JPN – Portanto, um período atravessado por várias administrações, inclusive pelas de Donald Trump e este de Joe Biden.
Nuno Garoupa – Sim, exatamente.
JPN – Fruto dessa experiência, como é que caracteriza os Estados Unidos?
Nuno Garoupa – É preciso perceber que é um país continental e, portanto, não se pode comparar com Portugal, tem de se comparar com a União Europeia. Nesse sentido, são países com imensa diversidade, com imensas diferenças, com Estados muito diferentes. É verdade que aqui todos falam a mesma língua e isso cria uma unidade que ainda não existe na União Europeia, onde as pessoas falam línguas diferentes. Mas há traços culturais muito diferentes entre as Costas, entre o Sul e o Norte. Claro, os problemas económicos e sociais existem, alguns são comuns, mas muitos são estaduais, de realidades muito locais e, numas eleições federais como estas, nem sempre se percebe se os eleitores estão a responder mais a perceções de problemas nacionais ou a problemas locais que não são todos iguais. Por exemplo, a crise da habitação não é igual em todos os Estados, tal como na Europa não é igual em todos os países.

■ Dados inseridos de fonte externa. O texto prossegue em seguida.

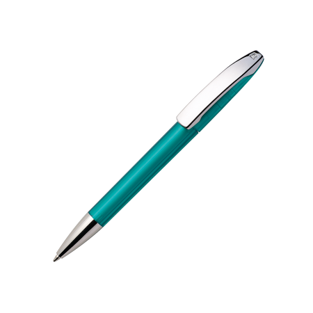 Maxema Kugelschreiber VIEW V1 30 CR, ein Dreh-Kugelschreiber mit einem glänzenden, farbigen, transparenten Gehäuse, einem verchromten Metallclip und einem verchromten Endstück. Ausgestattet mit einer Jumbo-Mine mit blauer Dokumental-Tinte für bis zu 2.500 Meter Schreibvergnügen. Ober- und Unterteil sind in nicht weniger als 10 Farben erhältlich und können ab 2.000 Stück farblich miteinander kombiniert werden.

JPN – Quais foram as principais diferenças entre as administrações de Donald Trump e agora de Joe Biden?
Nuno Garoupa – A principal diferença é de retórica, porque em muitas matérias políticas eles não foram assim tão diferentes. Claro, por exemplo, com Donald Trump há sempre mais cortes nos impostos para os mais ricos. Com Joe Biden, não houve esses cortes, e houve mais programas de ajuda às camadas mais pobres da sociedade. Há esse tipo de diferenças. Mas, na verdade, em termos de políticas ambientais, ou políticas de negócios estrangeiros, não são assim tão diferentes. Porque também é preciso reconhecer que grande parte das políticas passam por legislação no Congresso e que os diferentes presidentes não têm maiorias no Congresso para aprovar a legislação que querem. Portanto, há uma enorme inércia, em parte, porque as maiorias no Congresso são muito complicadas.
pelo que se percebe, a comunidade portuguesa que está aqui, incluindo os luso-descendentes, está tão dividida como o resto do país.
JPN – Alguma das decisões das administrações Trump e Biden tiveram um impacto particular na sua vida nos Estados Unidos?
Nuno Garoupa – Na minha vida individual, essencialmente, as únicas coisas que me impactam são duas: questões de impostos, porque assim tenho mais ou menos no final do mês, e aí o Trump e o Biden foram um pouco diferentes; a outra, até eu ter a cidadania norte-americana, é a questão da imigração. Não tanto pela retórica, mas pela velocidade dos papéis. Primeiro de estar com autorização para trabalhar, depois de ter residência. Outro exemplo, as questões de saúde: isto é um sistema largamente privado, portanto, o que faz o governo é um bocadinho irrelevante em termos do meu acesso aos cuidados de saúde; educação para os meus filhos, para as crianças que eu conheço: mais uma vez, tudo é estadual, portanto, o Estado [federal] tem muito pouca importância. Claro que, por exemplo, com Joe Biden houve a questão da dívida dos estudantes, os student loans. Isso a mim não me afetou, porque já não estou nessa fase, mas para quem está entre os 30 e os 40 anos foi uma grande diferença. Ter o seu student loan pago pelo Governo Federal, são muitos milhares de dólares ao fim do ano. Mas, em termos daquilo que é a nossa vida no dia a dia, uma grande diferença com Portugal que as pessoas têm de ter em conta é que, tirando a questão dos impostos, eu não tenho relações diretas com o Estado. Enquanto em Portugal, praticamente todos os dias nós temos de nos relacionar com o Estado para praticamente tudo. Isso é uma grande diferença.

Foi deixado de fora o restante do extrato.